*** SUPPLIED DATA ***

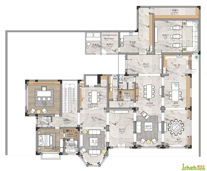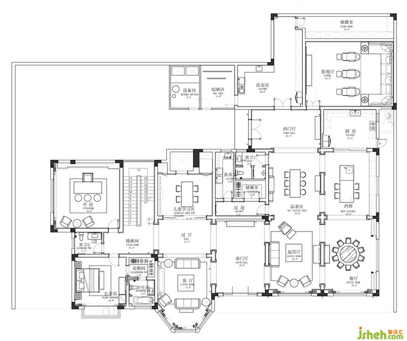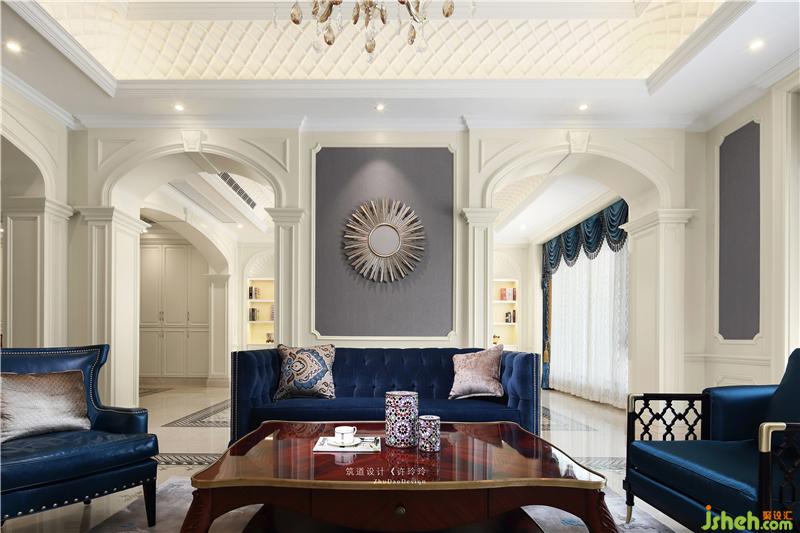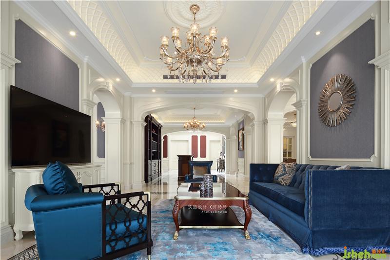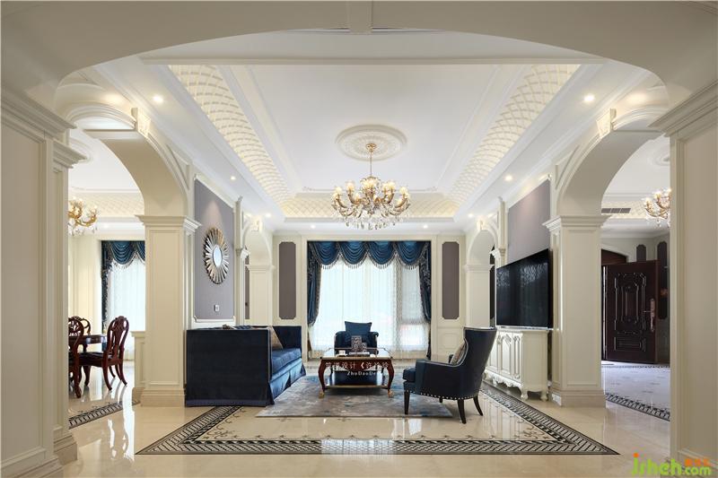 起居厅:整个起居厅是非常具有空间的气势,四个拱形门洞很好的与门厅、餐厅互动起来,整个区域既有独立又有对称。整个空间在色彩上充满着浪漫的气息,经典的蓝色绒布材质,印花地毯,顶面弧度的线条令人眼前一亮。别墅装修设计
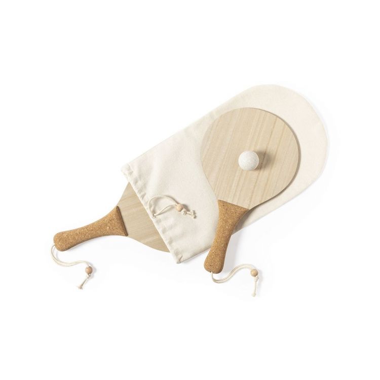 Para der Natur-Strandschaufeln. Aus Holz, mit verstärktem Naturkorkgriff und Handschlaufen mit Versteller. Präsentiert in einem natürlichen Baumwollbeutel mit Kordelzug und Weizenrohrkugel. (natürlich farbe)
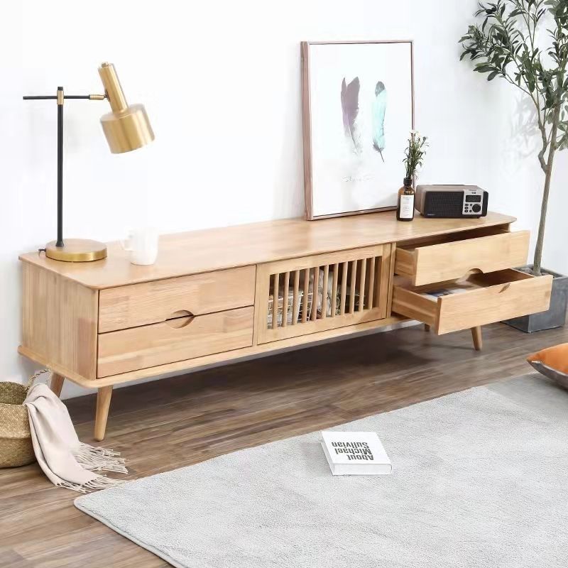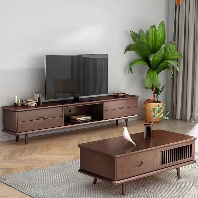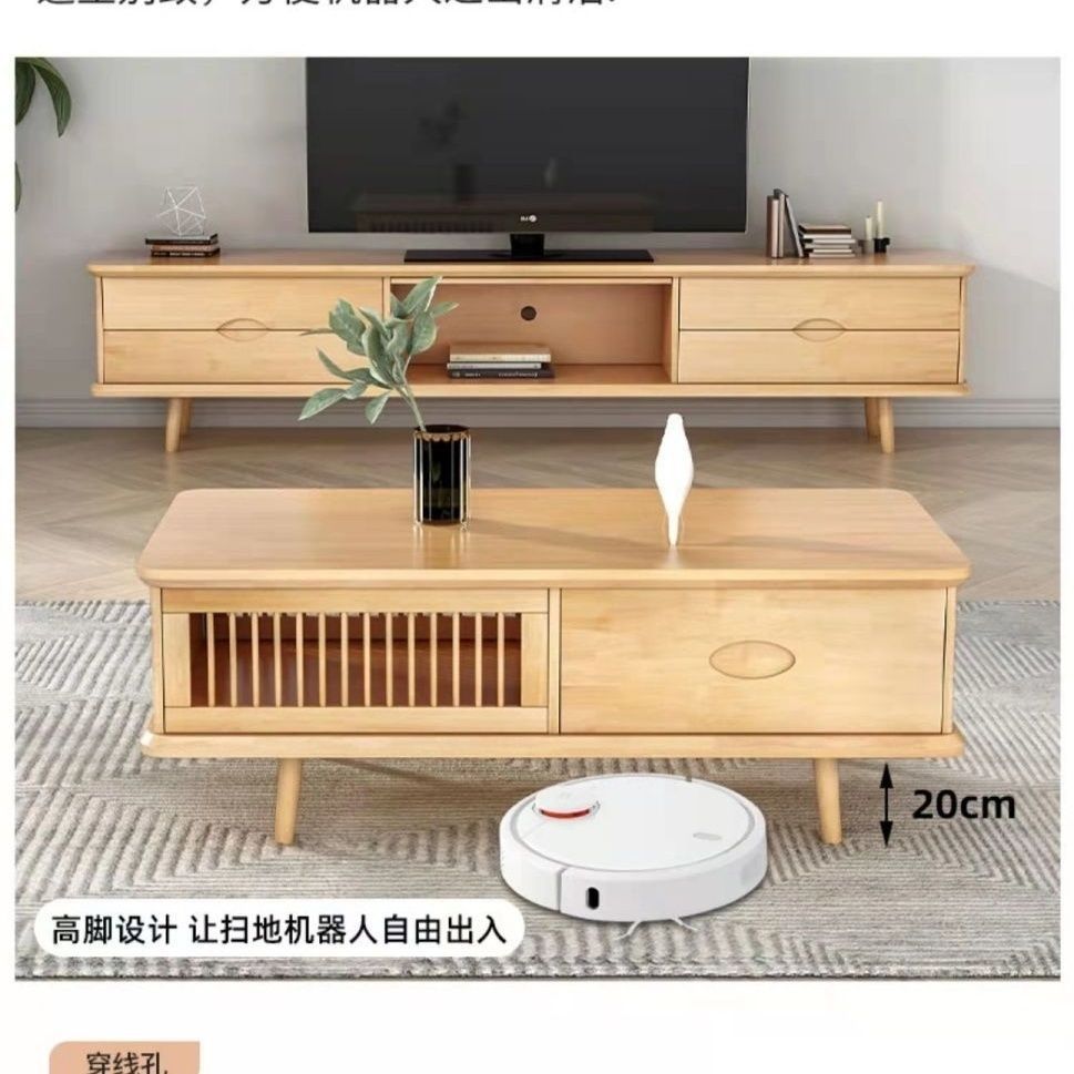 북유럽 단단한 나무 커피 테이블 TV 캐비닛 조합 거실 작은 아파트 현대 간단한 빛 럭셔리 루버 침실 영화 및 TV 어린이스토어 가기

*** End of SUPPLIED DATA ***

WORK ITEM
Repeat every line of the data exactly, but do not include pictures.

SOLUTION FOR THIS EXERCISE
 起居厅:整个起居厅是非常具有空间的气势,四个拱形门洞很好的与门厅、餐厅互动起来,整个区域既有独立又有对称。整个空间在色彩上充满着浪漫的气息,经典的蓝色绒布材质,印花地毯,顶面弧度的线条令人眼前一亮。别墅装修设计
 Para der Natur-Strandschaufeln. Aus Holz, mit verstärktem Naturkorkgriff und Handschlaufen mit Versteller. Präsentiert in einem natürlichen Baumwollbeutel mit Kordelzug und Weizenrohrkugel. (natürlich farbe)
 북유럽 단단한 나무 커피 테이블 TV 캐비닛 조합 거실 작은 아파트 현대 간단한 빛 럭셔리 루버 침실 영화 및 TV 어린이스토어 가기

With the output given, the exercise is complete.